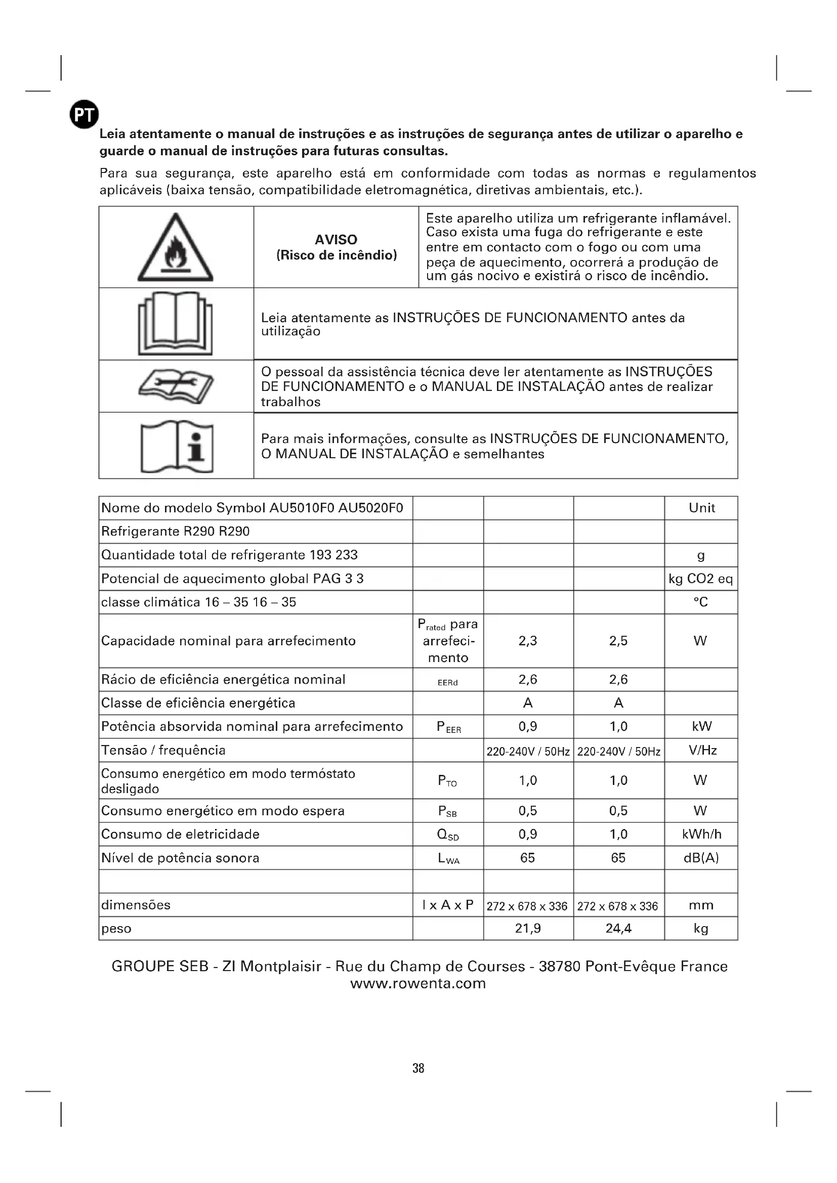 Leia atentamente o manual de instruções e as instruções de segurança antes de utilizar o aparelho e guarde o manual de instruções para futuras consultas. Para sua segurança, este aparelho está em conformidade com todas as normas e regulamentos aplicáveis (baixa tensão, compatibilidade eletromagnética, diretivas ambientais, etc.). AVISO (Risco de incêndio) Este aparelho utiliza um refrigerante inflamável. Caso exista uma fuga do refrigerante e este entre em contacto com o fogo ou com uma peça de aquecimento, ocorrerá a produção de um gás nocivo e existirá o risco de incêndio. Leia atentamente as INSTRUÇÕES DE FUNCIONAMENTO antes da utilização O pessoal da assistência técnica deve ler atentamente as INSTRUÇÕES DE FUNCIONAMENTO e o MANUAL DE INSTALAÇÃO antes de realizar trabalhos Para mais informações, consulte as INSTRUÇÕES DE FUNCIONAMENTO, O MANUAL DE INSTALAÇÃO e semelhantes Nome do modelo Symbol AU5010F0 AU5020F0 Unit Refrigerante R290 R290 Quantidade total de refrigerante 193 233
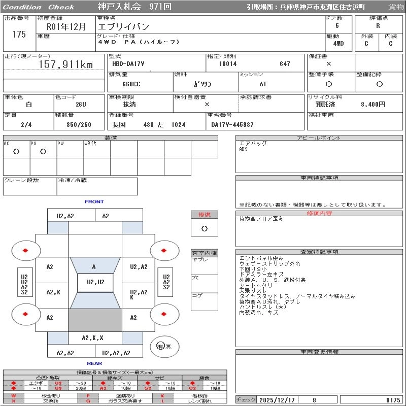 Год выпуска2019 Пробег 158 000 км КузовDA17V Комплектация4WD PA( HIGH ROOF )
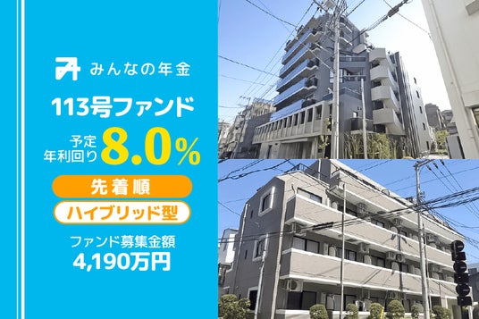 株式会社ネクサスエージェント(本社:東京都港区 代表取締役社長:岩田講典)が運営する、誰でも手軽に安全な資産運用が始められる不動産クラウドファンディングサービス『みんなの年金』にて、113号ファンド(以下、本ファンド)を組成し、2025年1月15日(水)より先着順にて出資の募集を開始したことをお知らせいたします。

════════════════════

- THE PROBLEM
Your answer must be exactly the lines from the one with "Год выпуска2019 Пробег" through the final line of the data, with no pictures in it.

- ANSWER SPACE
 Год выпуска2019 Пробег 158 000 км КузовDA17V Комплектация4WD PA( HIGH ROOF )
 株式会社ネクサスエージェント(本社:東京都港区 代表取締役社長:岩田講典)が運営する、誰でも手軽に安全な資産運用が始められる不動産クラウドファンディングサービス『みんなの年金』にて、113号ファンド(以下、本ファンド)を組成し、2025年1月15日(水)より先着順にて出資の募集を開始したことをお知らせいたします。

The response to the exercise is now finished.